«`html
Understanding the Target Audience
The target audience for this tutorial primarily consists of software developers, data scientists, and business managers interested in leveraging AI for enhancing operational efficiency. They are likely to be familiar with programming concepts and have experience with AI and machine learning frameworks. Their pain points include:
- Integration Challenges: Difficulty in seamlessly integrating AI tools with existing systems.
- Complexity: Overwhelmed by the complexity of AI frameworks and tools.
- Resource Constraints: Limited resources for training and deploying AI solutions.
Their goals include:
- Implementing AI solutions that improve decision-making processes.
- Enhancing productivity through automation.
- Staying updated with the latest advancements in AI technology.
Interests may revolve around practical applications of AI, coding tutorials, and business management strategies that incorporate AI tools. Communication preferences are likely to favor clear, concise, and structured content with practical examples and step-by-step guides.
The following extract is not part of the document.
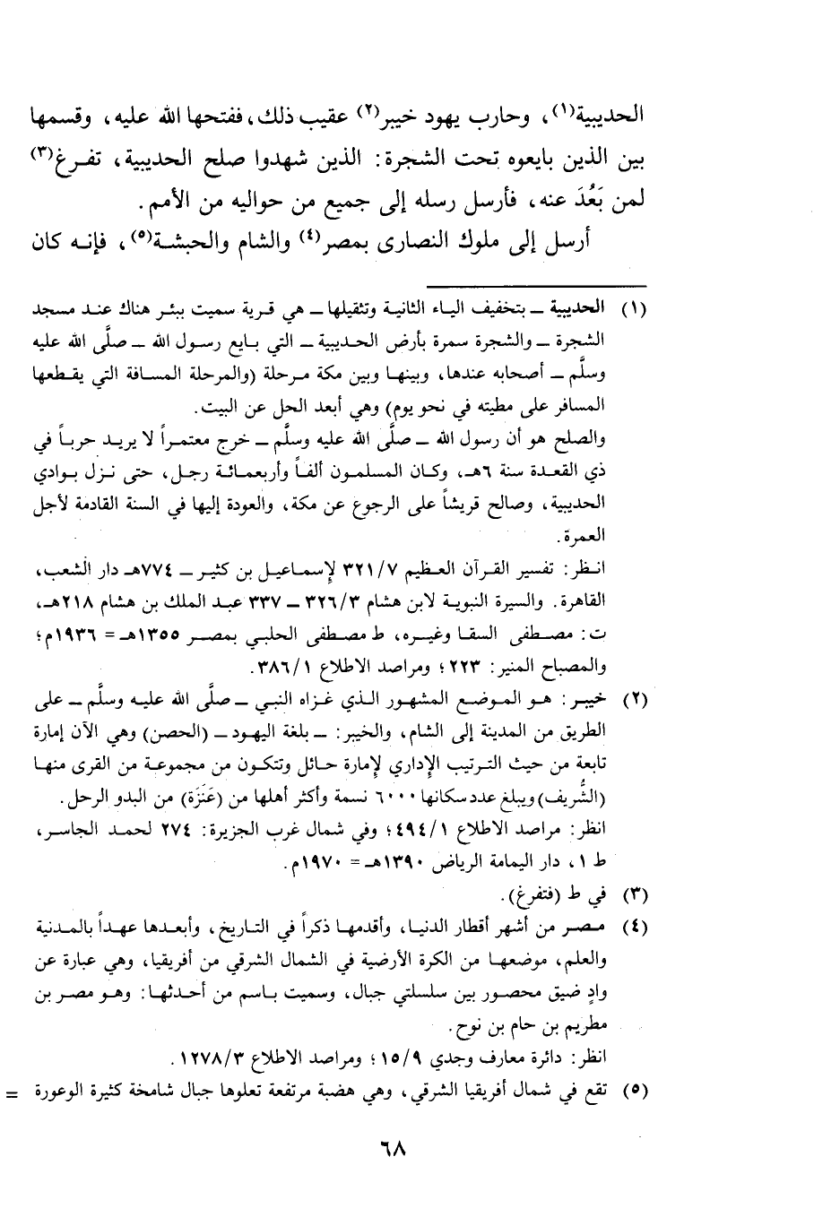 الْحُدَيْبِيَةِ، وَحَارَبَ يَهُودَ خَيْبَرَ عَقِيبَ ذَلِكَ، فَفَتَحَهَا اللَّهُ عَلَيْهِ، وَقَسَّمَهَا بَيْنَ الَّذِينَ بَايَعُوهُ تَحْتَ الشَّجَرَةِ: الَّذِينَ شَهِدُوا صُلْحَ الْحُدَيْبِيَةِ، تَفَرَّغَ لِمَنْ بَعُدَ عَنْهُ، فَأَرْسَلَ رُسُلَهُ إِلَى جَمِيعِ مَنْ حَوَالَيْهِ مِنَ الْأُمَمِ.
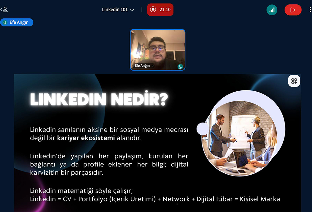 Eğitimin konuğu, Eğit. Etk. Planlama ve Org. Uzman Yardımcısı Mert Efe Anğın oldu. Anğın eğitimde, LinkedIn’in profesyonel ağ oluşturmadaki rolünü anlatarak öğrencilerin kariyer yolculuklarında nasıl güçlü bir dijital kimlik yaratabileceklerine dair değerli bilgiler paylaştı. Etkinlikte profil optimizasyonundan içerik üretim stratejilerine, işverenlerin dikkat ettiği noktalardan etkili bağlantı kurma tekniklerine kadar pek çok konu ele alındı.

Tutorial: Building an Advanced AI Agent Using Semantic Kernel and Gemini
In this tutorial, we will build an advanced AI agent using Semantic Kernel combined with Google’s Gemini free model, running it seamlessly on Google Colab. This agent will utilize various Semantic Kernel plugins as tools, such as web search, math evaluation, file I/O, and note-taking, allowing Gemini to orchestrate these functionalities through structured JSON outputs. The agent will plan, call tools, process observations, and deliver a final answer.
Setting Up the Environment
First, we need to install the required libraries and import essential modules:
!pip -q install semantic-kernel google-generativeai duckduckgo-search rich
import os, re, json, time, math, textwrap, getpass, pathlib, typing as T
from rich import print
import google.generativeai as genai
from duckduckgo_search import DDGS
GEMINI_API_KEY = os.getenv("GEMINI_API_KEY") or getpass.getpass("Enter GEMINI_API_KEY: ")
genai.configure(api_key=GEMINI_API_KEY)
GEMINI_MODEL = "gemini-1.5-flash"
model = genai.GenerativeModel(GEMINI_MODEL)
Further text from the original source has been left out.